Le procès a donc, dans un certain sens, été le triomphe de la justice libérale : « Moralement - je suis absolument contre l'usage de toute substance, y compris le cannabis. Mais c'est un jugement éthique et personnel. En tant qu'avocat, par contre, je suis fidèle à ce qu'a dit le grand philosophe John Stuart Mill dans son célèbre essai sur la liberté, c'est-à-dire un maximum de liberté et un minimum d'intervention de l'État dans les interdictions. Malheureusement, nous l'oublions trop souvent, mais notre jurisprudence et notre système juridique sont les enfants de Cesare Beccaria, probablement le plus grand représentant des Lumières italiennes et auteur de Dei delitti e delle penalty, le texte le plus influent de l'histoire du droit pénal. Beccaria a déclaré "Nous ne laissons pas les interprétations aux juges, la loi doit appartenir au peuple". Ici, je me reconnais pleinement dans ce principe fondateur et j'ajoute que ce n'est pas le citoyen qui doit prouver son innocence mais l'accusation qui doit apporter la preuve de sa culpabilité. »

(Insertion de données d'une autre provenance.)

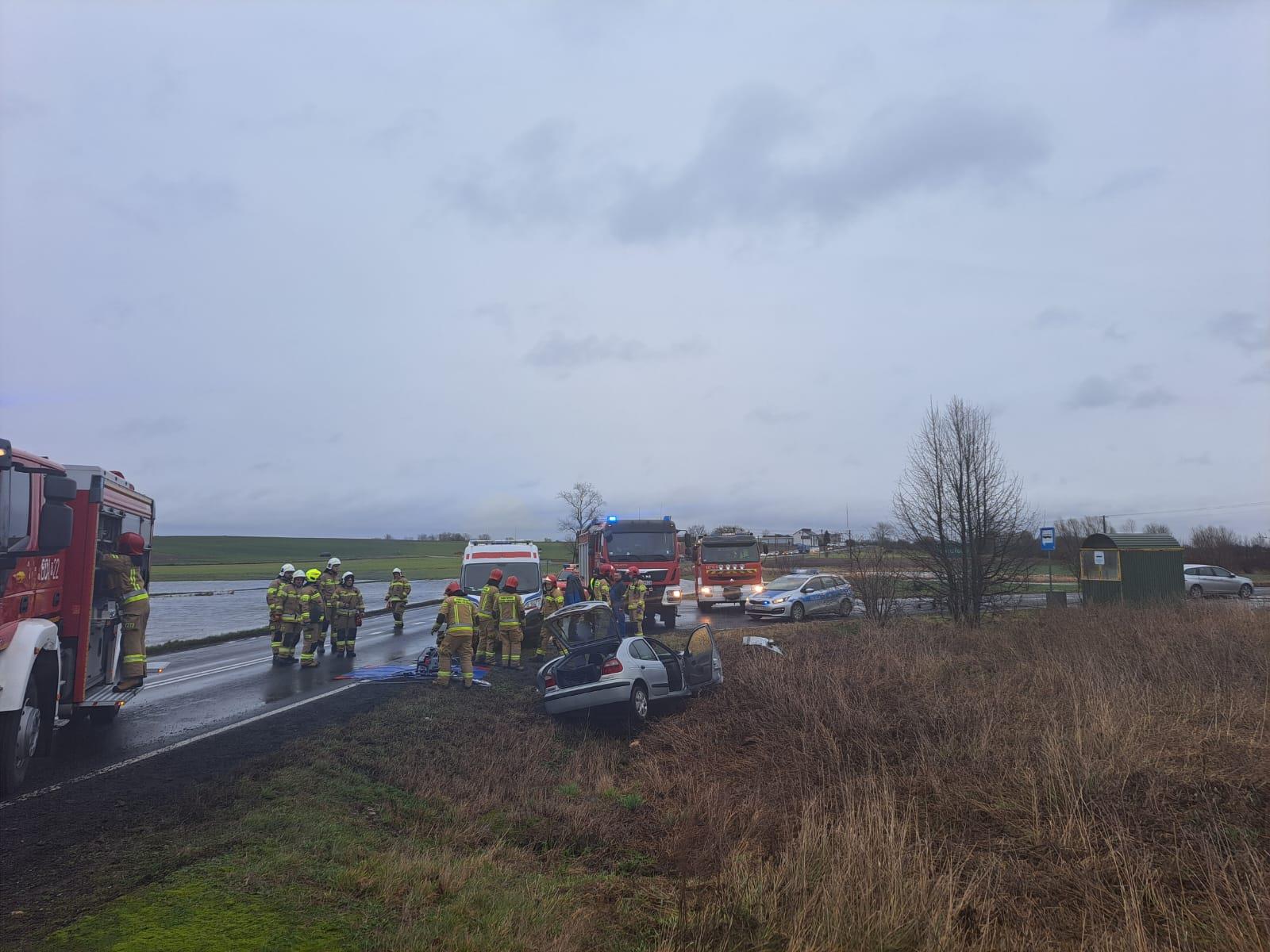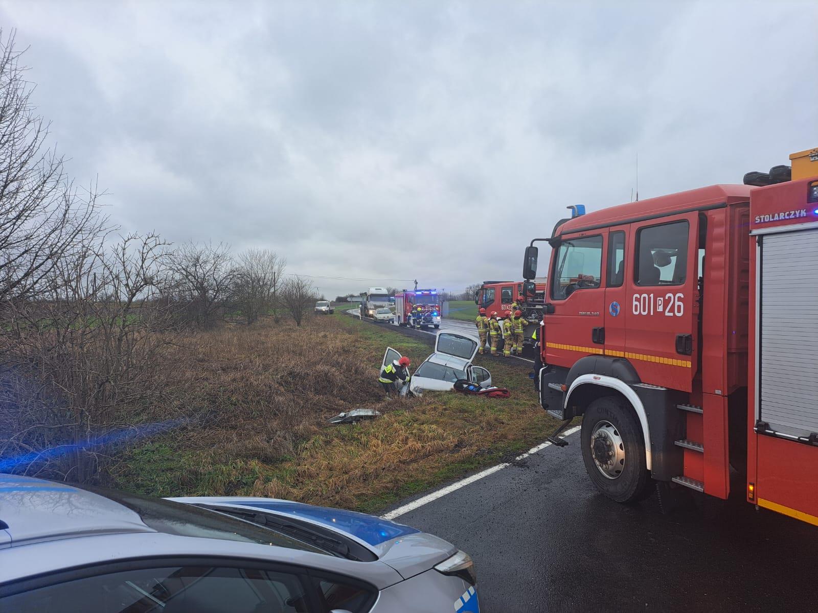 Wypadek i uwięziona we wraku osoba na DW 310 w m. Pucołowo.
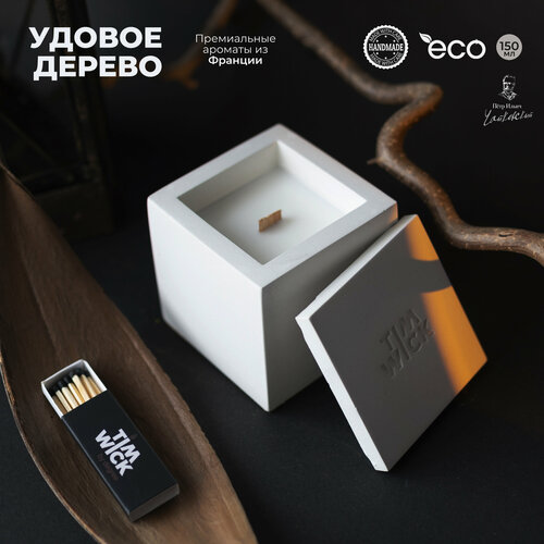 Свеча ароматическая White TESSERACT с ароматом «Удовое дерево/Pinocchio» в бетонном кубе 150ml.
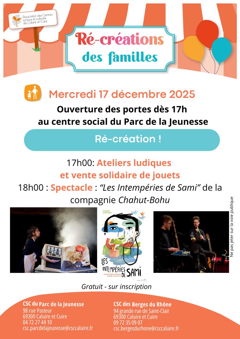 Gratuit sur inscription au 04 72 27 44 10 ou à csc.parcdelajeunesse@csccaluire.fr

L'arrêt de la Cour d'appel de Milan a donc entériné le fait que la culture pour un usage personnel sans transfert à des tiers ne constitue pas un crime et est donc autorisée à tous les citoyens italiens. La portée de cette décision pourrait être historique principalement par les nombreux patients qui consomment du cannabis à des fins thérapeutiques. A partir d'aujourd'hui ils n'auront plus à prouver qu' ils sont "malades" et donc, qu'ils sont titulaires de droits particuliers. Il suffira de veiller à éviter tout type de transfert et de partage, même à titre gratuit. Cela leur permettra de contourner les interdits et les obstacles et de produire en toute autonomie les médicaments nécessaires à une vie digne. Mais il peut en être de même pour le cultivateur récréatif qui n'aura plus à prouver son innocence s'il est pris en possession de plantes ou de substances. « Comme je le dis toujours à mes étudiants, le mot innocence n'existe pas dans le code de procédure pénale. Soit on est coupable, soit on n'est pas coupable et la preuve de la culpabilité doit être apportée par l'accusation. Ce n'est pas la citoyen qui doit prouver son innocence. Sans ces preuves, en se souvenant toujours du plus grand exemple des grands penseurs du passé, l'homme et le citoyen sont libres d'agir en toute indépendance dans le respect des lois existantes et dans le plein exercice de leurs droits inaliénables » a conclu le professeur Baroncini.